Our Crazy Post Retirement Wanderings Hiking and Triking

Considerations for selecting a campite for backpackers

1) Water - Water is the source of all life, and all life needs water to exist. Thus, you want to be within a reasonable distance from a source of water. Probably a reasonable distance is less that a quarter mile from water. You don't want to be in an arroyo (otherwise known as a drainage path), because if a storm comes in the night 20 miles upstream and outside the range of your hearing from where you're camping, you could be washed away in your sleep. Another consideration related to proximity to water is some people like the sound of a babbling brook splashing on rocks as a white noise generator to put them to sleep. Some other people don't like that.

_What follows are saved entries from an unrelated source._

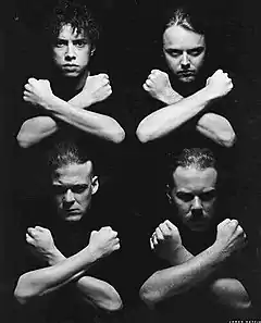 Metallica — пятый студийный альбом одноимённой американской метал-группы, выпущенный 12 августа 1991 года, также известный как The Black Album (с англ. — «Чёрный альбом»)[комм. 1]. Первый альбом группы, записанный с продюсером Бобом Роком (впоследствии его называли «человеком, принёсшим колоссальный успех группе Metallica»)[9], который пришёл на смену Флеммингу Расмуссену, занимавшемуся созданием трёх предыдущих дисков коллектива. Рок, до этого продюсировавший такие глэм-металлические команды, как Bon Jovi и Mötley Crüe, подталкивал группу к музыкальным экспериментам, за счёт чего звучание Metallica разительно отличалось от четырёх предыдущих альбомов — песни стали медленнее и короче[комм. 2]. Как отмечали эксперты, группа «сильно упростила свой саунд»[9] (намекая, что это был уже не метал)[10][11], что вызвало острую полемику как в музыкальном сообществе, так и среди фанатов коллектива[12]. Многие начали обвинять группу в продажности[13][14].
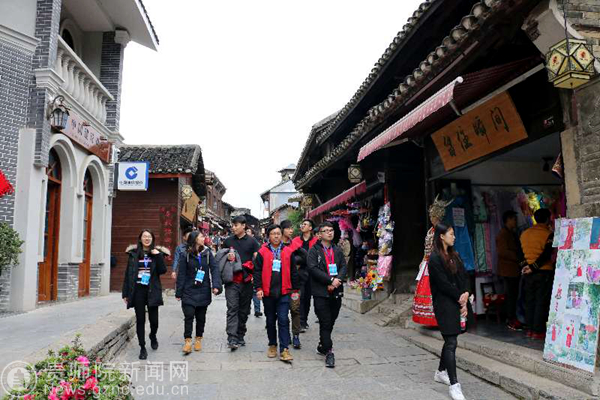 本网讯 3月14日,“2017年国务院侨办所属院校香港校友研习班”学院午后踏青岩古镇,夜晚赏多彩贵州之风活动于中午正式开启。best365国际交流合作处处长张瑶,学校选拔出的3名学生导游和1名学生助理和省侨办共同圆满完成对国侨办领导和学员的陪同参观任务。
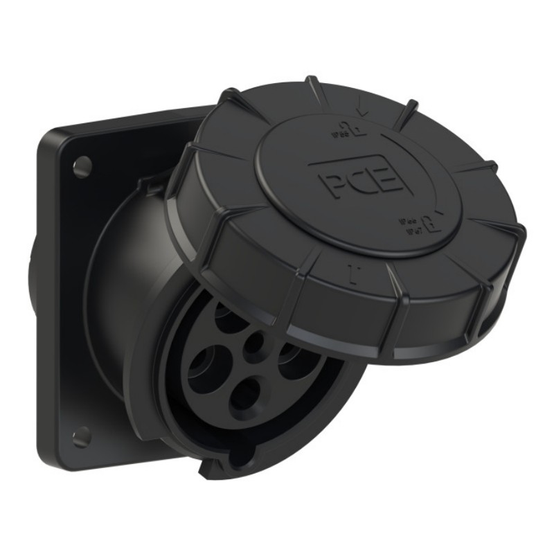 CEE-flanged socket sloping (100x112) 63A 5p 6h IP67 POWER TWIST black
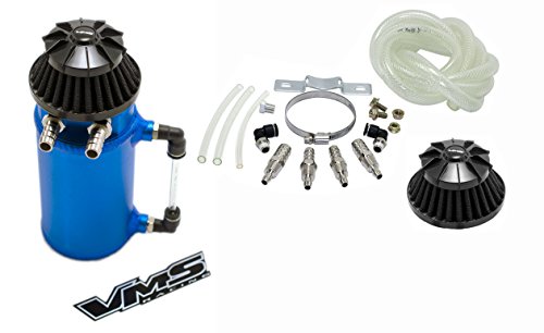 VMS Racing Universal Matte BLUE Aluminum OIL Reservoir CATCH CAN Canister Tank with Breather (Complete Kit)
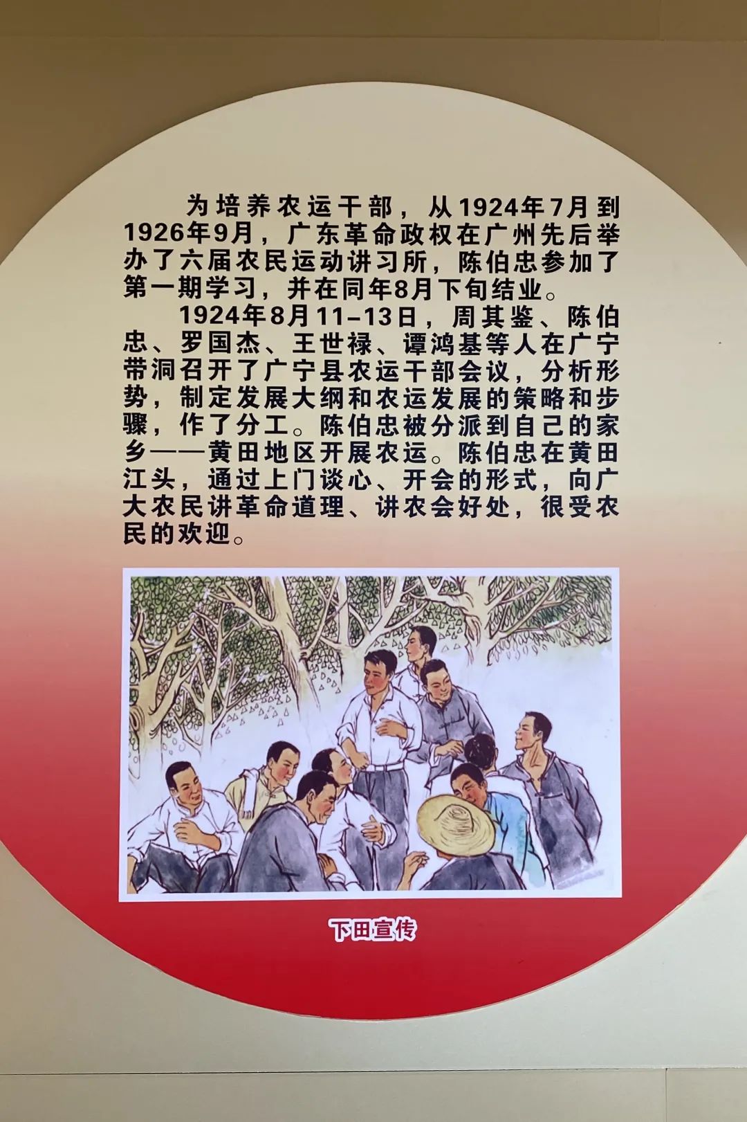 20世纪初,农民运动的风潮悄然吹至当时属于广宁的黄田镇,但这里的农民抗争意识比较淡薄。这时,陈伯忠在广州第一届农讲所结业后,回到了自己的家乡。

2) Level spot big enough to pitch a tent - You may not realize that nylon fabric on nylong fabric has an extremely low static coefficient of friction. Translation: If you pitch your tent where there is some significant slope what can happen is when you put your nylon coated air cushion on the floor of the tent you are putting slippery nylon against slippery nylon. Then when you put your nylon sleeping bag against your nylon air cushion you are again putting a slippery surface against another slippery surface. It's all on a slope if you pitched the tent on a slope, so what you have created is a pretty good slide. Bottom line: Don't pitch your tent on a slope. Or if you do get some of those tool chest rubber anti slide liners to separate nylon surface from nylon surface. Sometimes it's not easy to find a level place in the mountains to pitch your tent.

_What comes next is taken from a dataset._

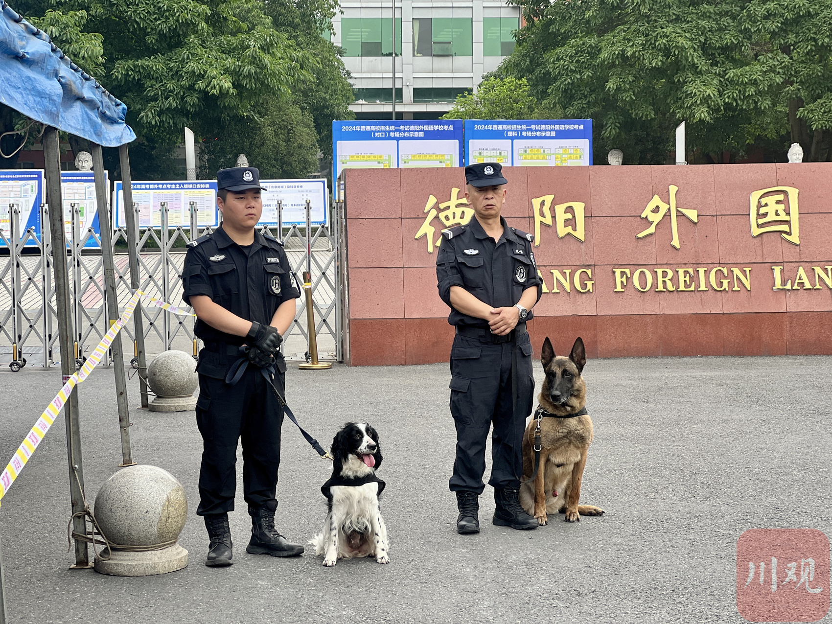 6月7日,2024年高考拉开了序幕,德阳外国语学校考点外,交警开道,特警巡逻,德阳公安各司其职全力护航高考。其中,还有一支特殊“部队”也在守护着德阳考生的安全。
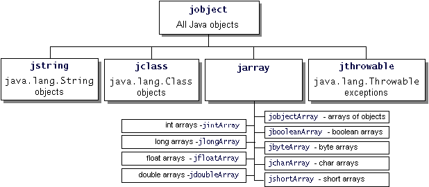 Java objects are passed by reference. All references to Java objects have the type jobject. For convenience and to avoid programming errors, the JNI implements a set of types that are conceptually all subclassed from (or are "subtypes" of) jobject, as follows:

3) wind exposure - If you are on a ridge, there is a chance that if a big storm blows in , that you'll get the brunt of it. It might be useful to find a sheltered spot where the wind won't blow as much, either behind a large rock or some large rocks, or in between bushes, etc. Lightning risk could also be a consideration if you are on a trail with ridge exposure which might cause you to pick a different site.

4) Material on which the campsite is located - If your level site is located on a solid rock surface, you certainly could pitch your free standing tent on that rock, but if you have any wind at all, you're going to have some difficulty driving tent stakes down into that solid rock. Sometimes the surface is sand, sandy soil, or pea gravel, all of which are suitable as a surface onto which you could pitch a tent. But sometimes just below the surface there is a solid rock platform on which the loose material is sitting, say down an inch or two. You won't have much luck driving tent stakes down into that little amount of aggregate. Food for thought. pine needles are a nice surface on which to pitch a tent.

5) fire ring nearby - I prefer NOT to camp where somebody else has camped in the past, because they may have left food, or trash, or broken glass, or some other potential source of smells which could attract wild animals seeking food, depending on which season in which you are camping.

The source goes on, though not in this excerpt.